After a month of traveling this way I make it to Iowa. By then I’m bored of my own company and the inside of my truck, and sick of my own thoughts, so I rent a room on a month-by-month basis and get a job at a bar, bussing tables. It’s a tiny dirty place just off the freeway and I work for cash under the table, giving the owner only my first name. It feels exciting, in a way, like I’m on the lam or something. I make friends with the line cook, Dion, and we get wasted after the bar closes, playing poker for quarters. I mess around with the waitress, a woman seven years older than me named Abby, who has lived in the same shitty little nowhere town her whole life. She’s the daughter of a cocktail waitress who had drifted into town years ago, got herself knocked up and never left. Then Abby had gotten knocked up at nineteen and the pattern continued.

It’s sad.

But Abby is kind and doesn’t ask any questions about who I am, or where I came from, or where I’m going. She’s content to drink cheap whisky with me in my hotel room, watch reruns of M*A*S*H and Cheers and make out, play wandering hands. That is, until she pushes me to go further and I can’t…she doesn’t get that. Apparently “I just can’t” isn’t explanation enough when I—ahem—very clearly and obviously and physically seem to want to go further with her.

So I pack my clothes in my duffel bag, toss the bag in my truck, and I take off right then, at 4:19 in the morning.

I drive north, up into South Dakota, and end up in another one-stoplight town a few miles off the freeway. I land a job splitting logs, which then turns into digging postholes for a fence that ends up running around a thousand-acre ranch. I stay there doing that for two and a half months, chopping firewood and digging holes and planting posts and running fence. It’s hard physical work, and it keeps my mind occupied.

Eventually, though, the work is done and I’m back in the truck. West again, through Montana, where I discover that herding cattle is a lot more boring than I thought it would be. After that I head south through the corner of Idaho, and do a three-month stint in a restaurant as a line cook.

By this time it’s winter, so I point my truck west and aim for the coast. In a little industrial town on the coast of Oregon I unload pallets of I-have-no-clue-what off a boat and load them onto a semi. I do this for a while and then head south along PCH, following the Pacific, finding work where I can in bars and restaurants, doing temporary unskilled labor for cash.

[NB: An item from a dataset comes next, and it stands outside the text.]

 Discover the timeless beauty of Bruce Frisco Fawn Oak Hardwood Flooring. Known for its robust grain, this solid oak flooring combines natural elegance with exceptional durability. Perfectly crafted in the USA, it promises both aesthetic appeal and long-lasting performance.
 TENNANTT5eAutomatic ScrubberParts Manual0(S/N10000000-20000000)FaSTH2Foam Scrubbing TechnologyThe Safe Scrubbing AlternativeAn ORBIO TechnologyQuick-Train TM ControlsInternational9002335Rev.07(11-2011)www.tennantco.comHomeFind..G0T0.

In time, it gets easier to pass entire days without thinking about Kylie. And then days turn into weeks, and then I only think about her late at night, right before I fall asleep.

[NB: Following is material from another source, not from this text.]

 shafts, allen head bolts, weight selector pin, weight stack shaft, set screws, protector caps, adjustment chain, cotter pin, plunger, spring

Eventually, I stop thinking about her almost entirely.


I faithfully call my parents once a week, ’cause I’m a momma’s boy, deep down.

I follow Dad’s games on TV, watch him lead the league in TDs and take the Titans to the Superbowl, which is exciting, even though they ended up losing to the fucking Patriots again.

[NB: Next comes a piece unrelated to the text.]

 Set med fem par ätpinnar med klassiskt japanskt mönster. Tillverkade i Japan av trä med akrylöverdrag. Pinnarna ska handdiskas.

Eventually, after spending most of the winter in San Diego working on the docks, I head eastward once again through the Southwest, this time driving through the desert with my windows open, stopping to flip burgers or pour beer or wash dishes for a week or two here and there.

I’m restless.

Not unhappy, just…sick of traveling. Sick of driving.

Sick of myself.

So when I hit the Texas border, I discover I have an affinity for the wide open spaces and the huge sky. I make my way through Texas, meandering and exploring, not in a hurry, not headed anywhere in particular. After a month or two of drifting around Texas, I end up in San Antonio. I like the city, and decide to stick around for a while. I apply for an actual job in a bar downtown, with a W-2 and everything. A month later, I’m leaning against a wall in Starbucks, waiting for my mocha, when I see the ad:

Football players wanted for an experimental minor league team. Serious, experienced players over eighteen. Open tryouts, May 9th at noon, Alamodome.


After three seasons starting as a wide receiver for Vanderbilt, making university records for rushing and TD receptions…I make the team easy.